Lizbon Büyükelçiliği 01.07.2010
The Turkish economy expanded at the breakneck speed of 11.7 percent in the first quarter of 2010 over the same period a year ago, suggesting a strong recovery from the severe recession that took a profound toll on the global economy. Market analysts and business circles, however, cautioned that such a pace is unlikely to continue in the coming quarter, even though all of them agree that the economy will continue to grow. The Turkish economy made a strong comeback at the end of 2009, by growing at a higher-than-anticipated rate of 6 percent from a year earlier, after a continuous contraction for four quarters in a row. Even though last year ended with a contraction of 4.7 percent, the performance of the economy was promising as that rate was well below expectations. Turkey started this year with an influx of positive economic data, suggesting that the country had managed to remain afloat amidst the devastating global credit crunch and is about to leave the recession behind.

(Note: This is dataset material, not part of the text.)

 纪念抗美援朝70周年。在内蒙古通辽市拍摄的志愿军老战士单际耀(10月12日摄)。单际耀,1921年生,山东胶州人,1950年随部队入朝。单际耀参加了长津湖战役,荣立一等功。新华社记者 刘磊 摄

The Turkish Statistics Institute (TurkStat) released its quarterly growth rates on Wednesday, revealing that the economy had continued to grow for the second straight quarter. The growth rate was in double digits, in line with market expectations. Accordingly, Turkey’s gross domestic product (GDP) amounted to TL 23.35 billion at constant prices in the first three months of the year, 11.7 percent higher than a year earlier, when the economy contracted by 14.5 percent. At current prices the year-on-year growth in the GDP was 16 percent, reaching a total GDP of TL 243.26 billion.

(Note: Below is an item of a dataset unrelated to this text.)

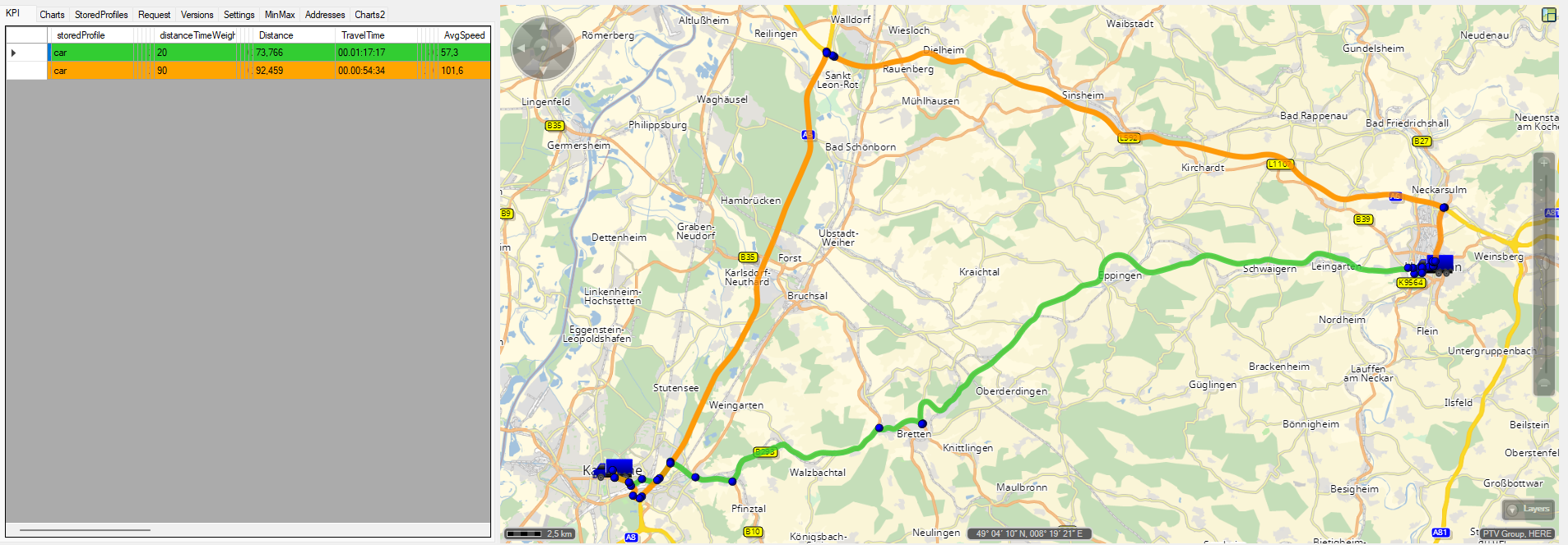 - shortest track (green) is not necessarily the fastest one. While the green track ist 73km andn therefore much shorter than the orange one (93km) the traveltimes are flipped: the green track requires much longer (+20minutes).

Prime Minister Recep Tayyip Erdoğan signaled that the first quarter growth figures will definitely be high during his speech at the Justice and Development Party (AK Party) parliamentary group meeting yesterday. “Turkey’s growth performance is drawing worldwide attention. This has been confirmed by each and every leader I have talked with. With the growth rates to be announced [Wednesday], we will hopefully be breaking a new record.”

However, even though the growth surge in GDP was the largest in six years, it failed to break the record, albeit by only a tiny margin, and remained behind the growth rate seen in the second quarter of 2004, 11.9 percent.

With this phenomenal growth rate, Turkey came in second among the G-20 economies, after China, which posted a growth rate of 11.9 percent. During this period the European Union economy expanded by only 0.3 percent, with Germany and France expanding by 1.5 and 1.2 percent, respectively, while the UK suffered a contraction of 0.3 percent.